Of course, from the initial moments after birth and throughout the next
few months, a baby will experience an increasing range of stimuli –
including internal stimuli such as the needs for listening,
understanding and love, as well as external stimuli ranging from a wet
nappy to a diverse set of parental, social, climate and environmental
stimuli – and will develop a diverse and expanding range of ways, now
including a wider range of emotional expression but eventually starting
to include spoken language, of expressing their responses, including
satisfaction and enjoyment if appropriate, to these stimuli.
At some vital point, however, and certainly within the child’s first
eighteen months, the child’s parents and the other significant adults in
the child’s life, will start to routinely and actively interfere with
the child’s emotional expression (and thus deny them satisfaction of the
unique needs being expressed in each case) in order to compel the child
to do as the parent/adult wishes. Of course, this is essential if you
want the child to be obedient – a socially compliant slave – rather than
to follow their own Self-will.
One of the critically important ways in which this denial of emotional
expression occurs seems benign enough: Children who are crying, angry or
frightened are scared into not expressing their feelings and offered
material items – such as food or a toy – to distract them instead.

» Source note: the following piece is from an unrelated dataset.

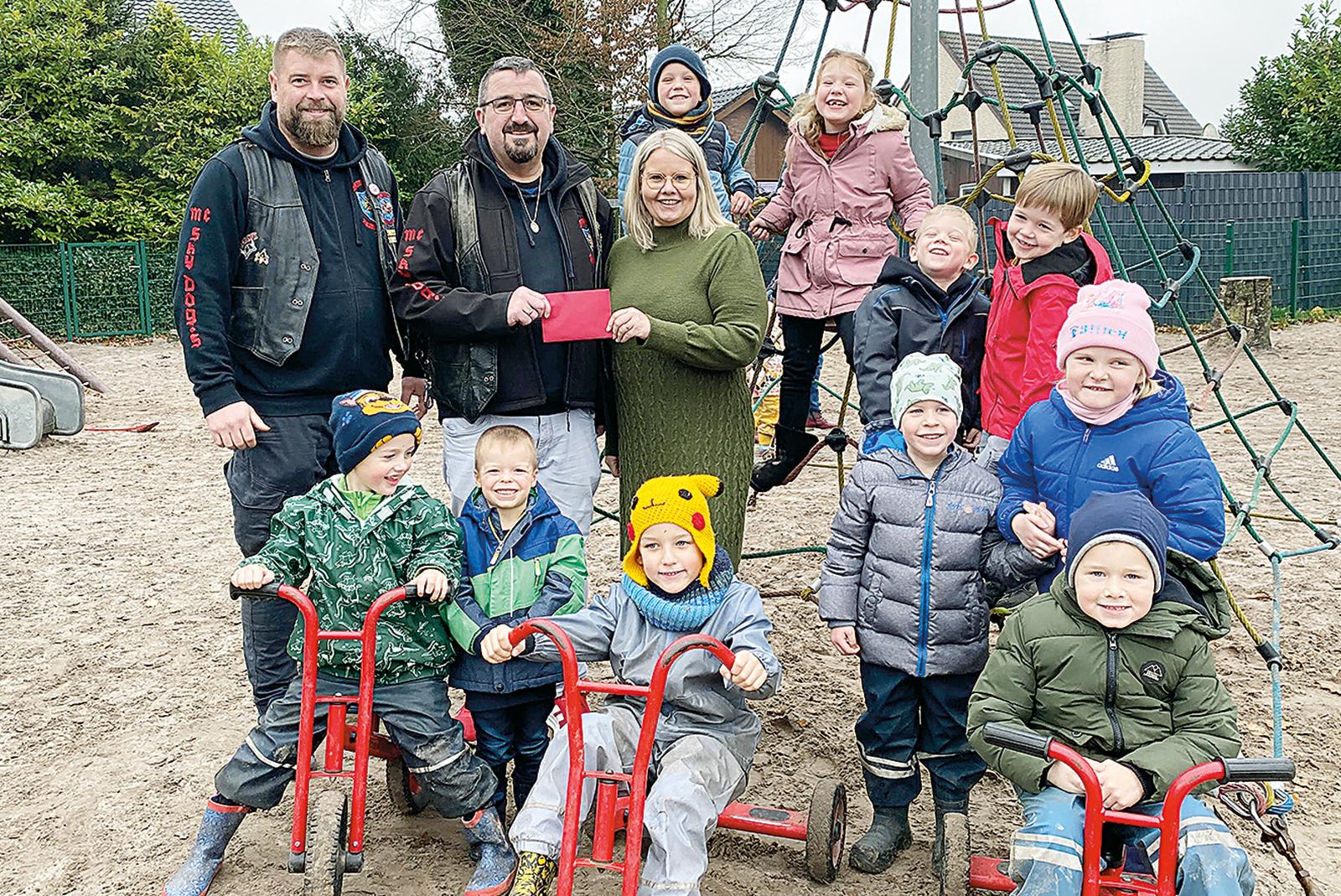 350 Euro spendete der Motorradclub »Sky Dogs« jetzt dem Bunder Kindergarten an der Lindenstraße. »Das Geld können wir gut gebrauchen für Spielzeug im Außenbereich«, sagte Leiterin Ines Ackerstaff- Groen, als Motorradclub-Präsident Andreas Groen (Mitte) und sein ...

Unfortunately, the distractive items become addictive drugs. Unable to
have their emotional needs met, the child learns to seek relief by
acquiring the material substitutes offered by the parent. But as this
emotional deprivation endlessly expands because the child has been
denied the listening, understanding and love to develop the capacity to
listen to, love and understand themself, so too does the ‘need’ for
material acquisition endlessly expand.
As an aside, this explains why most violence is overtly directed at
gaining control of material, rather than emotional, resources. The
material resource becomes a dysfunctional and quite inadequate
replacement for satisfaction of the emotional need. And, because the
material resource cannot ‘work’ to meet an emotional need, the
individual is most likely to keep using direct and/or structural
violence to gain control of more material resources in an unconscious
and utterly futile attempt to meet unidentified emotional needs. In
essence, no amount of money and other assets can replace the love
denied a child that would allow them to feel and act on their feelings.

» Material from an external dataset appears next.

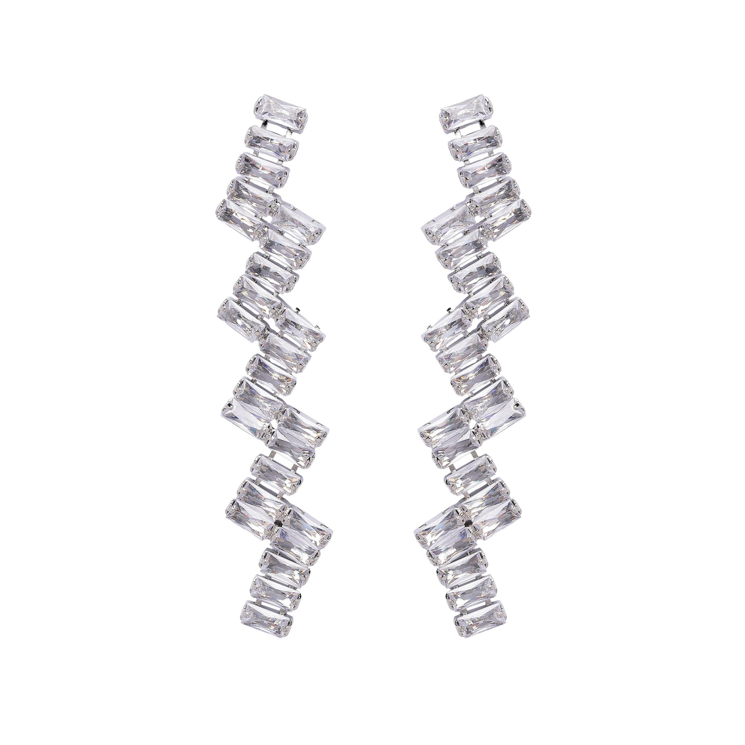 Die versetzte Anordnung der Steine verleiht den Ohrringen Bewegung und Dynamik und schafft so einen Look, der modern und zeitlos zugleich ist. Das Design reflektiert das Licht aus jedem Winkel und zieht mit seinem schimmernden Glanz alle Blicke auf sich. Diese Ohrringe sind ein echtes Statement-Piece, das Raffinesse und Charme ausstrahlt und jedem Outfit einen Hauch von Glamour und Eleganz verleiht. Ob für einen besonderen Anlass oder um einen lässigen Look aufzuwerten – diese Ohrringe werden Sie begeistern. Größe: 1,1 cm x 6,1 cm | Beschichtung: Rhodiumplattiert | Verschluss: Stecker und Rückseite

Of course, the individual who consumes more than they need and uses
direct violence, or simply takes advantage of structural violence, to do
so is never aware of their deeply suppressed emotional needs and of the
functional ways of having these needs met. Although, I admit, this is
not easy to do given that listening, understanding and love are not
readily available from others who have themselves been denied these
needs. Consequently, with their emotional needs now unconsciously
‘hidden’ from the individual, they will endlessly project that the needs
they want met are, in fact, material.
This is the reason why members of the Rothschild family, Jeff Bezos,
Bill Gates, Warren Buffett, Amancio Ortega, Mark Zuckerberg, Carlos
Slim, the Walton family and the Koch brothers, as well as the world’s
other billionaires and millionaires, seek material wealth and are
willing to do so by taking advantage of structures of exploitation held
in place by the US military. They are certainly wealthy in the material
sense; unfortunately, they are emotional voids who were never loved and
do not know how to love themself or others now.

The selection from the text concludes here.